The starting point to answering that is to work out what I mean by "it" or the soul of a city. For some cities, like London, New York, and Paris, you don't really need to explain anything: just being in these places you feel like you are in the centre of the world, that you are surrounded by people, history, culture, and promise. Many cities assert themselves by virtue of historic landmarks or districts, such as Istanbul, Cairo, Berlin, Brussels, Cologne, and Edinburgh. Others assault your senses with crowds of people, sights, sounds, and smells: amongst these are Hong Kong, Kuala Lumpur, San Francisco, and Bangkok. Finally, some bowl you over by virtue of geographic or architectural setting, such as Torshavn, Stavanger, Bergen, and Portland. All of the places that I have liked over the years have fallen into at least one of these categories. Aberdeen, for example, gets its soul from the architecture, the buildings, and the history that they bring with them. In most areas of the city centre the streets are made up of buildings at least 100 years old, with some 500 or more years old. This adds a "weight" to the place, for me. The interesting thing about this subject is that there will be loads of different opinions on what give the city its soul: for Aberdeen you could put up a good argument for it being the students, the night-life, the geographical setting, the oil industry, or others that I can't even think of. No matter what you think, many cities have many aspects which many people think make them great.

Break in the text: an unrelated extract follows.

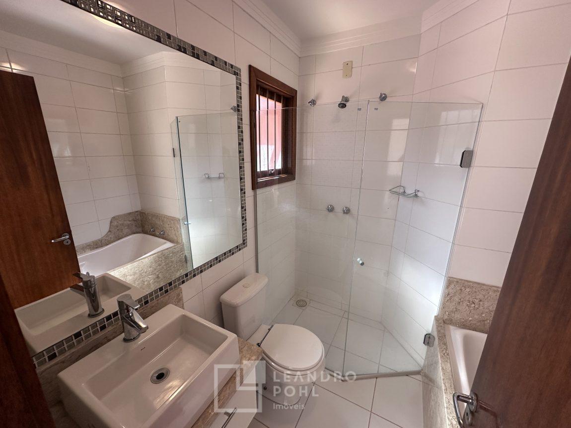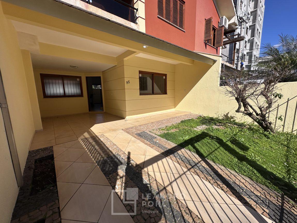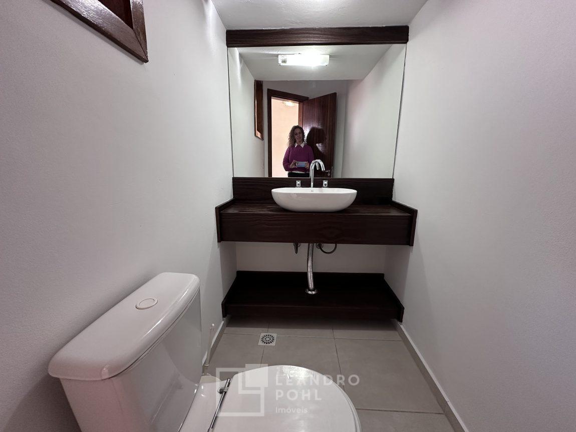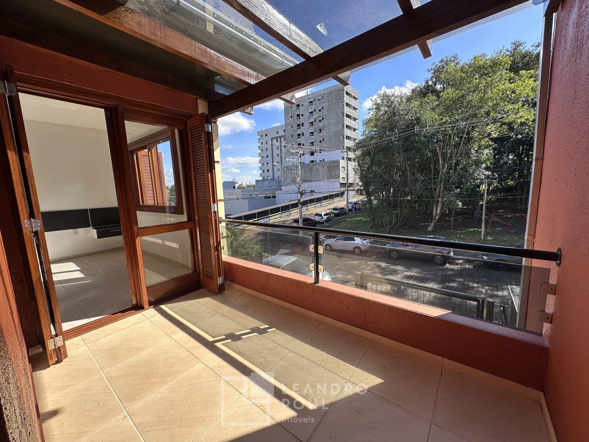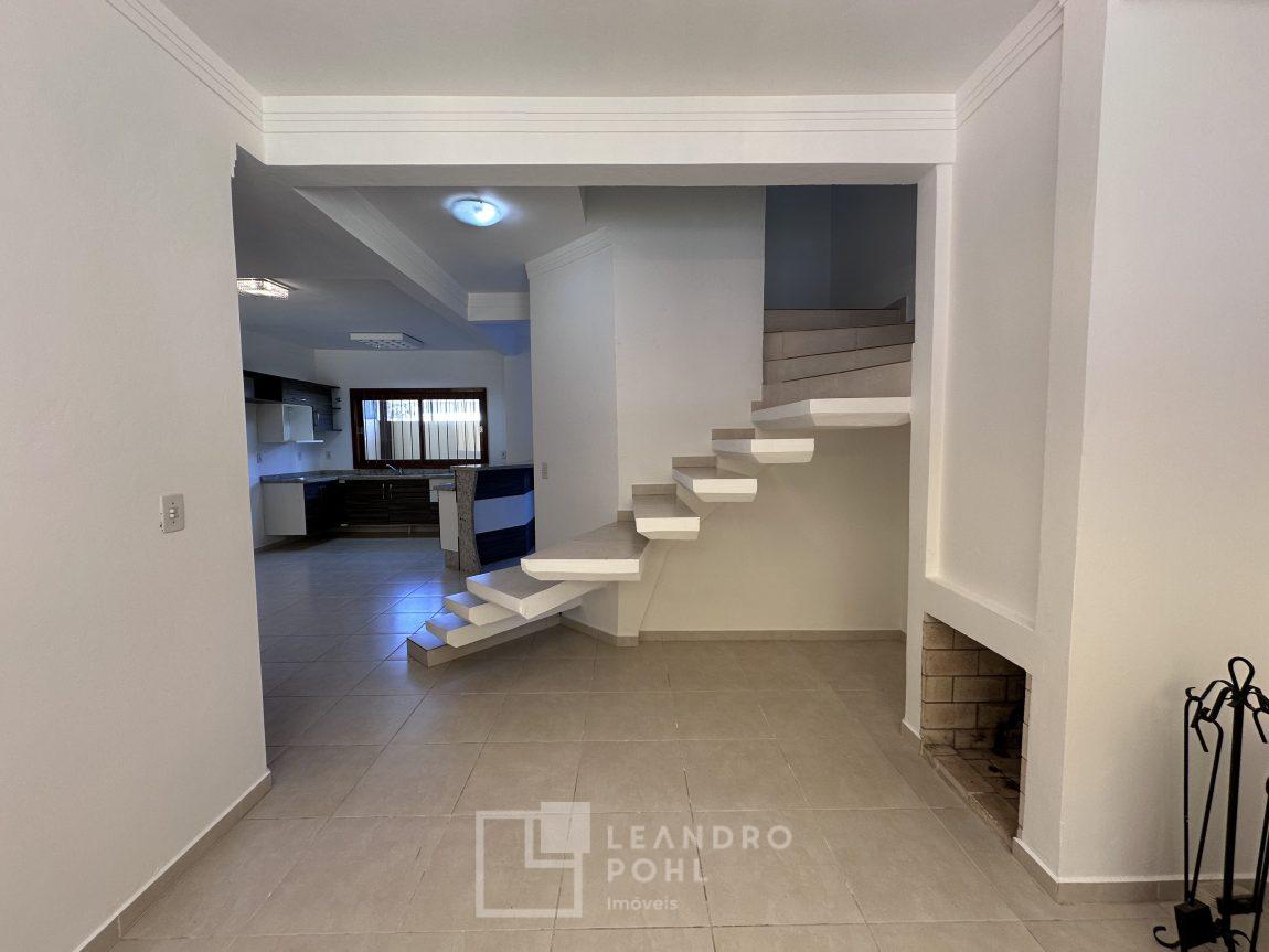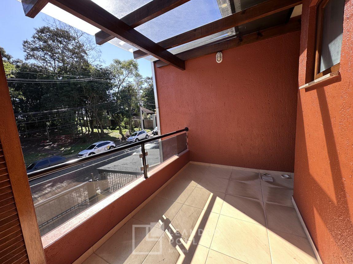Sobrado 3 dormitórios, uma suíte, banheira, e sacada, piso cerâmico, sala de estar e jantar e espaço gurmet, bem iluminado, aberturas internas e externas em madeira, churrasqueira, lareira, acabamento em gesso, pergolado, cercado e murado, semi-mobiliado, localizado em área nobre.

But what of those that don't? I'm sure that plenty of places have got their "X factor" but that the people who miss it didn't make the effort or have the capacity to see it. Riga, Singapore, Los Angeles and Caracas are places that I know have some sort of edge to them, but I just couldn't find it. This leaves those cities that I just can't see having a "heart", like the Middle Eastern ones mentioned above, as well as other places such as Houston. The logical conclusion seems to be that they just don't have it.

What they don't have is those things that the others do: people, history, culture. The reason that the Middle East in particular has never grabbed me must be that the cities are just so young. Not much more than a century ago, these places were basically villages or small towns. What was there longer ago has basically been completely removed to make way for the modern settlements. So no architectural history, but the people can make up for that, surely? In places like Dubai and Abu Dhabi, 75% or more of the population are pretty recent immigrants, brought in to construct the rapidly-expanding cities or to service their needs. There is no real cultural history, no shared identity. So that's it, it boils down to history in one way or another, and none of these cities have it. I'd add Houston into that bracket, too: basically a sprawling urban mess in the middle of a desert. The people are great there, but is that because of Texas or Houston?

Some of the cities that I have classified as "soulless" are trying to create that history by building extravagant skyscrapers, sporting arenas, cultural centres, and hotels. The interesting question here is whether the history will "stick". Dubai feels like someone has taken 50 different packets of skyscraper seeds, mixed them in a bucket, then randomly scattered them over a city-sized area. There is no cohesion or uniform local style, nothing distinctive to give the city an identity. Lots of big buildings does not a great city make (see, in my opinion, Singapore). The bigger question is whether history is being created anywhere. Time will be the only judge of that, but I'm sure that things such as the Petronas Towers, Ground Zero, The Gherkin, and the Bullet Train will all be great cultural artefacts of our time. Those "empty" cities are screwing it up by building a splendid house on plasticine foundations.

You can sometimes just tell when a city is going to be good or bad. I'd rather go to, and would have a more interesting time in, Baghdad than go back to Dubai.